Пир бессмертных: Книги о жестоком, трудном и великолепном времени. Цепи и нити. Том VI - Быстролетов Дмитрий Александрович 14 стр.


— Больная? — это слово на языке банту я знаю, потому что больных здесь приводят ко всем белым, безгранично веря в их всезнание и всемогущество. Но вождь отрицательно качает головой. Некоторое время мы оба говорим на своих языках и равно не понимаем друг друга. Это мне надоедает.

— Вот придет капрал, тогда разберу, в чем дело, — жестом даю понять, что аудиенция окончена.

«Делая эскизы, нужно подчеркнуть холодные рефлексы голубого цвета сверху, от неба, и теплые снизу, от земли, на всех этих шоколадных и черных телах. По существу, негры не черные, а голубые, и это будет выглядеть очень эффектно!» — думаю я снова, разглядывая степь в бинокль, сейчас же забываю о посещении Ассаи.

Люонга…

Вместе с бельем и оружием, сигарами и красками она отныне входит в число моих вещей. Моя живая игрушка…

Всходит луна. Я трясусь в маленькой машине. К утру буду на концессии, у границы Большого леса.

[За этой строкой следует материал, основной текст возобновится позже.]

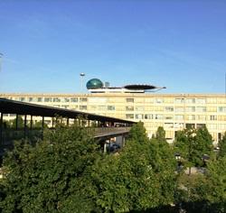 L'ancienne usine Fiat du Lingotto à Turin surmontée de l'héliport et de la "bolla", la bulle, salle de réunion de Fiat sur le toit du Lingotto

Жизнь всегда многолика, но в этой трагической стране, лишенной полутеней, она только двулика: лицо и изнанка, орел и орешка, черное и белое. Каждая культура имеет свои светлые и теневые стороны, идеализировать негров и их самобытную культуру нечего. Мыло и щетка Африке не повредят. Но ведь Европа дала ей не мыло и щетку, а пулю и плеть. Мы украли у этих людей свободу и жизнь. По какому праву?

Да, по какому праву?

Глава 5. Неожиданные открытия

Это было обычное путешествие в дрянной машине по дрянной дороге — жаркая и потная тряска под ущербным месяцем в туче москитов и мотыльков. В самом начале пути дорога вилась по низкому берегу реки, подернутому удушливой мглой. Влажность воздуха достигает в таких местах страшной цифры — 95 %: вы яростно истекаете потом, и лирическое сияние месяца и звезд на черном небе вас за это отнюдь не вознаграждает. Из темноты доносились хриплые трубные звуки крокодилов и крики людей — речные хищники вышли на охоту. В темноте они хватают за ноги скот, и поселяне отгоняют их кольями. Потом дорога свернула в лес. Стало очень душно и темно. Мы прыгали по ухабам, и все-таки от усталости я сейчас же задремал, но ненадолго. Водитель сделал резкий поворот в сторону и остановился на обочине. На нас двигалась какая-то большая тень. Слышались натужное сиплое дыхание десятка людей, хриплый кашель, хлопанье палки по голым телам и непрерывное тявканье:

— Скорей!

— Скорей!

— Скорей!

Я зажег карманный фонарь. Группа негров катила по дороге чудовищный обрубок дерева метра два-три в поперечнике и метров пять в длину. Все они были вооружены кольями, которые подсовывали под обрубок в виде рычагов, и так передвигали этот груз вперед, несмотря на неровности дороги и рельеф почвы. В белом луче моего фонаря проплыли искаженные от натуги лица, выпученные глаза, высунутые языки. Сзади вертелся надсмотрщик — очевидно, отставной солдат, судя по мятой феске казенного образца. Обливаясь потом, он изо всех сил работал палкой и горлом — из темноты непрерывно доносились звуки ударов и исступленный, сорванный голос:

— Скорей!

— Скорей!

— Скорей!

— Откуда они?

— С концессии, мсье, — ответил негр-водитель и закурил. — Катят болванки в порт. Я нарочно повел машину в объезд — хоть дальше, но все-таки скорее: теперь нам не дадут ехать свободно, я уж знаю.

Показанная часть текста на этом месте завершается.